Your instructions: Transcribe the listing exactly; drop the images.

*** Raw data ***

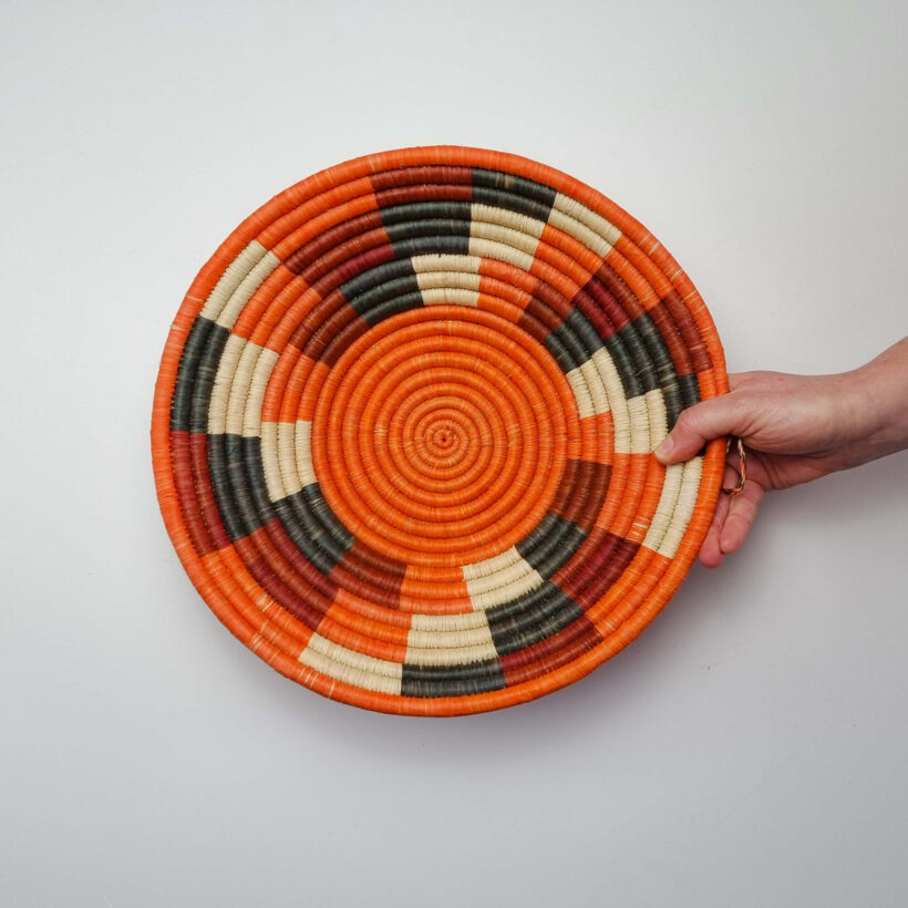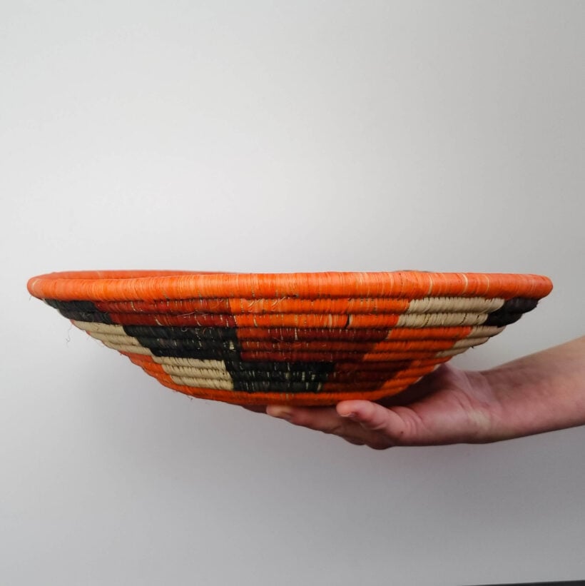 Enhance your home with a Woven Bowl from Uganda,. This striking bowl features vivid orange tones accented by earthy shades in spiral block colours. This versatile basket works as a centerpiece, wall hanging, or elegant storage solution. Handcrafted from sustainable sisal fibres, each bowl helps support women artisans and preserve traditional weaving skills. Its lightweight yet sturdy design fits effortlessly into both contemporary and boho-inspired spaces, adding texture, color, and a meaningful story to your decor.
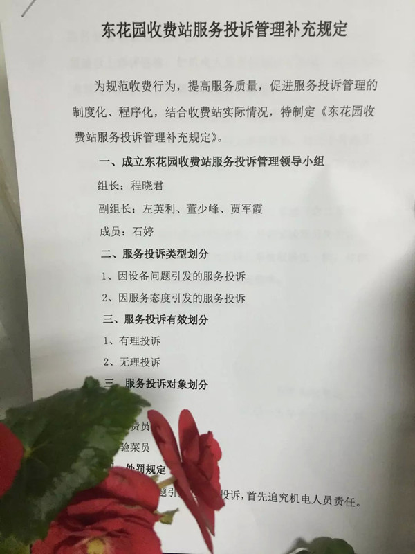 為規(guī)范收費行為,提高服務(wù)質(zhì)量,促進(jìn)服務(wù)投訴管理的制度化、程序化,近日結(jié)合實際情況,東花園收費站出臺《服務(wù)投訴管理補充規(guī)定》。
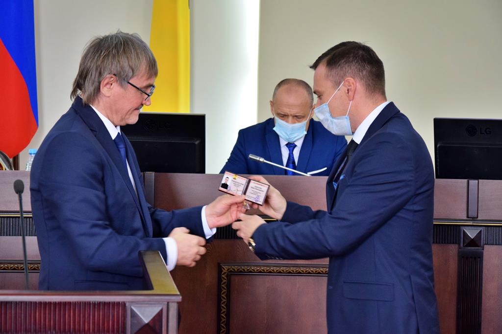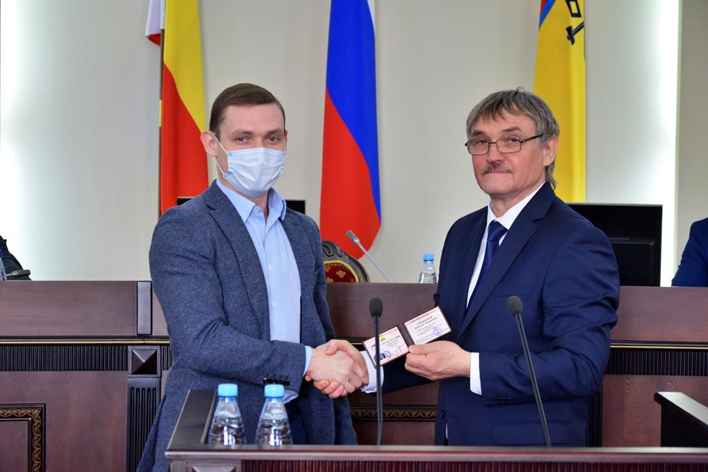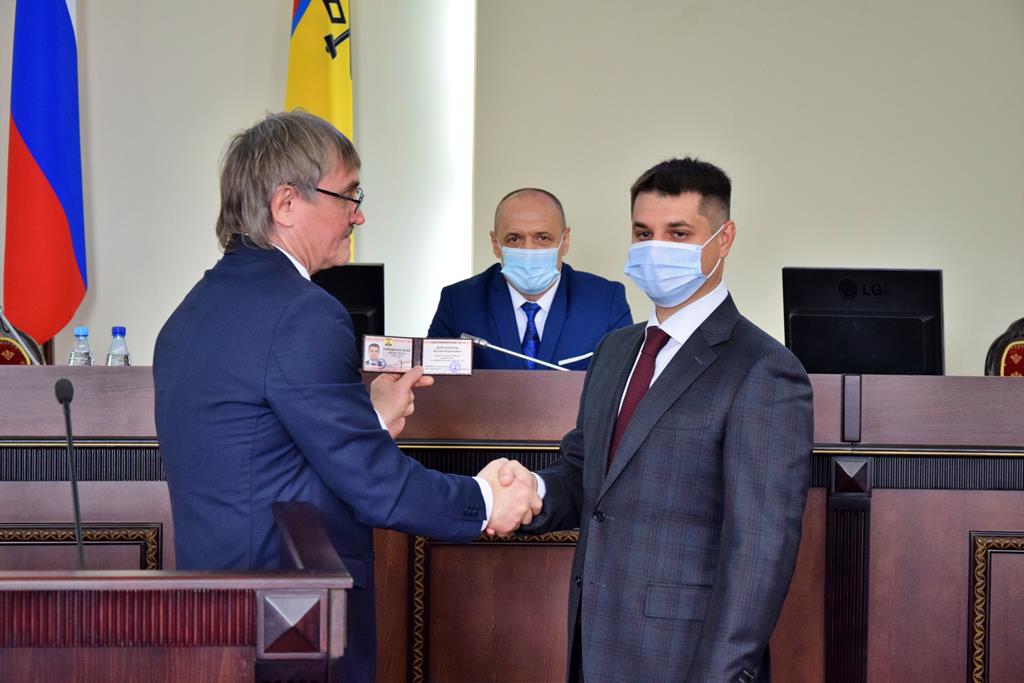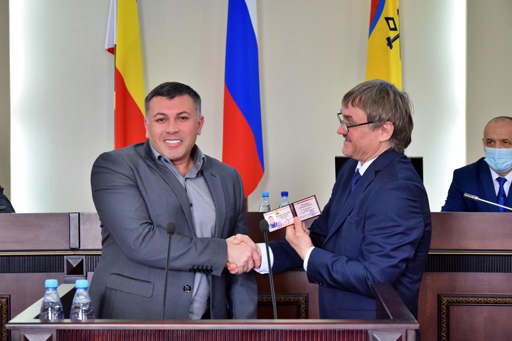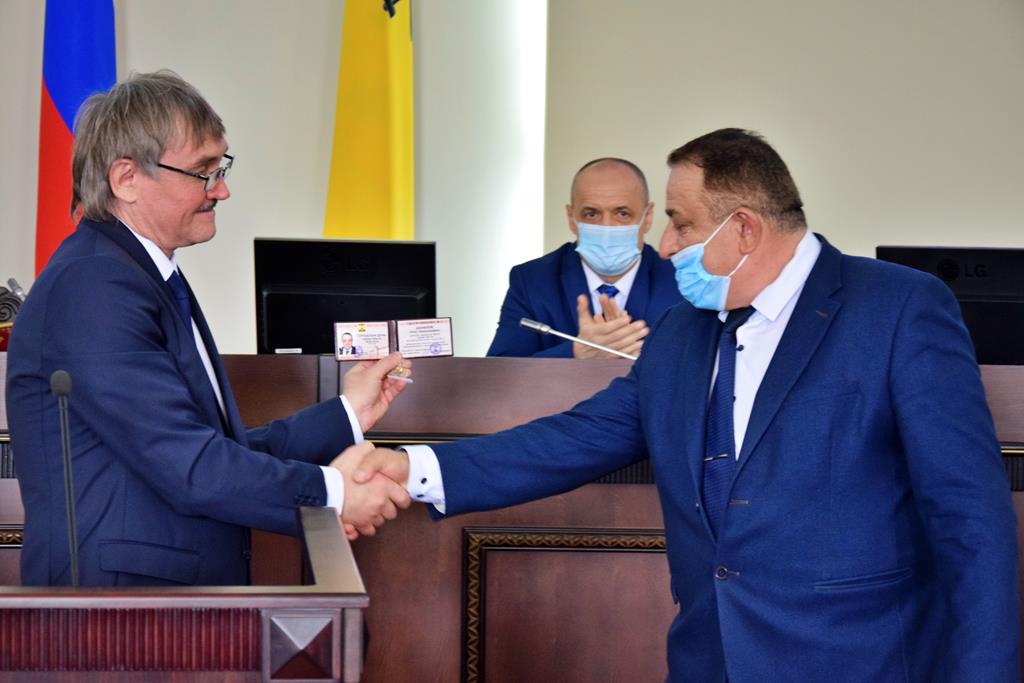 Заседание началось с торжественной процедуры вручения председателем городской Думы — главой города А.Г. Горцевским удостоверений и нагрудных знаков вновь избранным депутатам городской Думы города Шахты 7-го созыва.

*** End of Raw data ***

Task result:
 Enhance your home with a Woven Bowl from Uganda,. This striking bowl features vivid orange tones accented by earthy shades in spiral block colours. This versatile basket works as a centerpiece, wall hanging, or elegant storage solution. Handcrafted from sustainable sisal fibres, each bowl helps support women artisans and preserve traditional weaving skills. Its lightweight yet sturdy design fits effortlessly into both contemporary and boho-inspired spaces, adding texture, color, and a meaningful story to your decor.
 為規(guī)范收費行為,提高服務(wù)質(zhì)量,促進(jìn)服務(wù)投訴管理的制度化、程序化,近日結(jié)合實際情況,東花園收費站出臺《服務(wù)投訴管理補充規(guī)定》。
 Заседание началось с торжественной процедуры вручения председателем городской Думы — главой города А.Г. Горцевским удостоверений и нагрудных знаков вновь избранным депутатам городской Думы города Шахты 7-го созыва.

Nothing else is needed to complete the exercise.